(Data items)

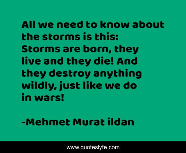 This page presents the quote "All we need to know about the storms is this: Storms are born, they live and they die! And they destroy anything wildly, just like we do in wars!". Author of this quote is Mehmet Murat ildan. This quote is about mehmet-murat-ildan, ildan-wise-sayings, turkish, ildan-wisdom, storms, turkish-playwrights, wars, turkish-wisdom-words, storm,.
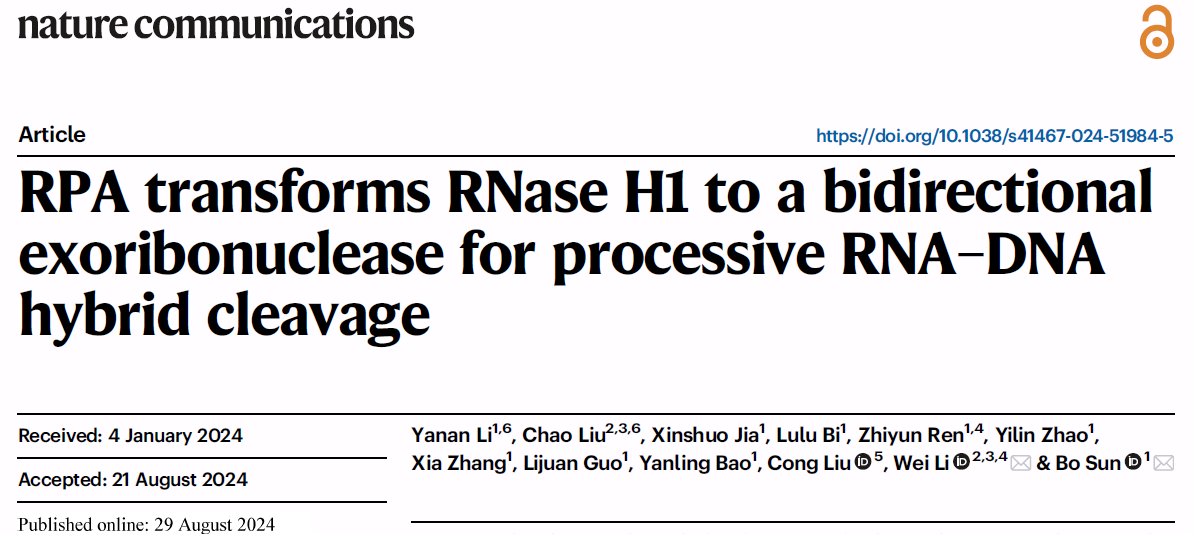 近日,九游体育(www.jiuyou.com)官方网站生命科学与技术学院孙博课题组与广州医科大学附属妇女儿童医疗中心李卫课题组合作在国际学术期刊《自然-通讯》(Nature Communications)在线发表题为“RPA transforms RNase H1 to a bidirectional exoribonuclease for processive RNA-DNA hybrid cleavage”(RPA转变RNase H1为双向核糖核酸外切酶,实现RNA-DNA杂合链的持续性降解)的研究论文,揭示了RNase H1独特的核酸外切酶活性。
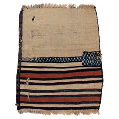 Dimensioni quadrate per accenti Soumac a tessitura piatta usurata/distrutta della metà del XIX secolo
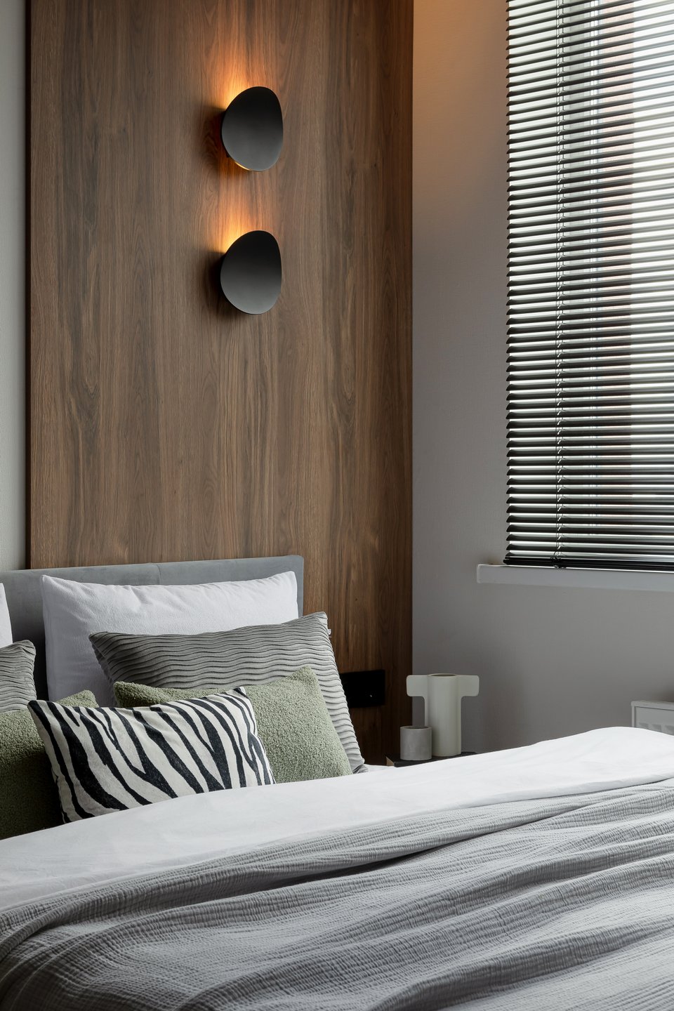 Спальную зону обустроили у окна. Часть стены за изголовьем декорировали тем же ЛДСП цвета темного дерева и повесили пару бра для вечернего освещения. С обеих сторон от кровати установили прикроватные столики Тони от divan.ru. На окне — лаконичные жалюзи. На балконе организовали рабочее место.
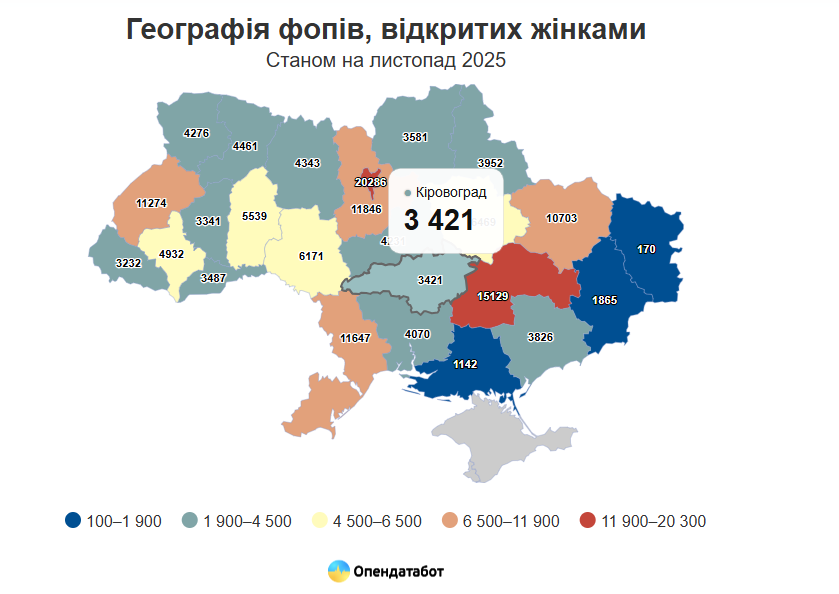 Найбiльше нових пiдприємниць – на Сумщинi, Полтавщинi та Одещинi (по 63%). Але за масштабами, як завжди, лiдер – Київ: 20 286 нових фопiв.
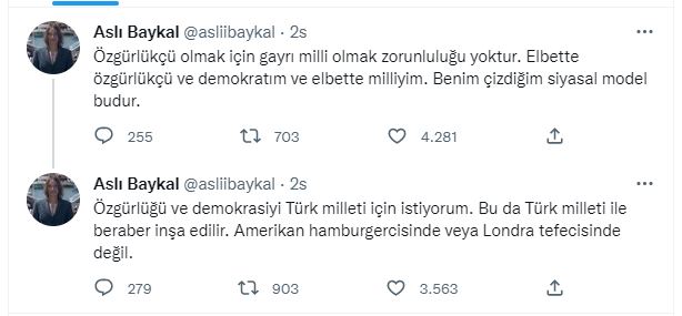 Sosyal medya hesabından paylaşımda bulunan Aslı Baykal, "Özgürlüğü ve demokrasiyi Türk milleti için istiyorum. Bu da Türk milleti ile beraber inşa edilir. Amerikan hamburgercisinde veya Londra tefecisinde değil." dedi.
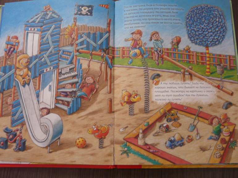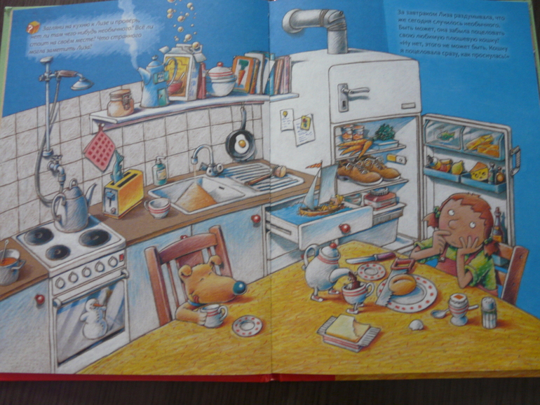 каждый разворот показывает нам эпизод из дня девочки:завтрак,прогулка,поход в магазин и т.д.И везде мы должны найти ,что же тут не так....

* [Task description]
Copy out every line above without change, dropping the pictures.

* [Solution]
 This page presents the quote "All we need to know about the storms is this: Storms are born, they live and they die! And they destroy anything wildly, just like we do in wars!". Author of this quote is Mehmet Murat ildan. This quote is about mehmet-murat-ildan, ildan-wise-sayings, turkish, ildan-wisdom, storms, turkish-playwrights, wars, turkish-wisdom-words, storm,.
 近日,九游体育(www.jiuyou.com)官方网站生命科学与技术学院孙博课题组与广州医科大学附属妇女儿童医疗中心李卫课题组合作在国际学术期刊《自然-通讯》(Nature Communications)在线发表题为“RPA transforms RNase H1 to a bidirectional exoribonuclease for processive RNA-DNA hybrid cleavage”(RPA转变RNase H1为双向核糖核酸外切酶,实现RNA-DNA杂合链的持续性降解)的研究论文,揭示了RNase H1独特的核酸外切酶活性。
 Dimensioni quadrate per accenti Soumac a tessitura piatta usurata/distrutta della metà del XIX secolo
 Спальную зону обустроили у окна. Часть стены за изголовьем декорировали тем же ЛДСП цвета темного дерева и повесили пару бра для вечернего освещения. С обеих сторон от кровати установили прикроватные столики Тони от divan.ru. На окне — лаконичные жалюзи. На балконе организовали рабочее место.
 Найбiльше нових пiдприємниць – на Сумщинi, Полтавщинi та Одещинi (по 63%). Але за масштабами, як завжди, лiдер – Київ: 20 286 нових фопiв.
 Sosyal medya hesabından paylaşımda bulunan Aslı Baykal, "Özgürlüğü ve demokrasiyi Türk milleti için istiyorum. Bu da Türk milleti ile beraber inşa edilir. Amerikan hamburgercisinde veya Londra tefecisinde değil." dedi.
 каждый разворот показывает нам эпизод из дня девочки:завтрак,прогулка,поход в магазин и т.д.И везде мы должны найти ,что же тут не так....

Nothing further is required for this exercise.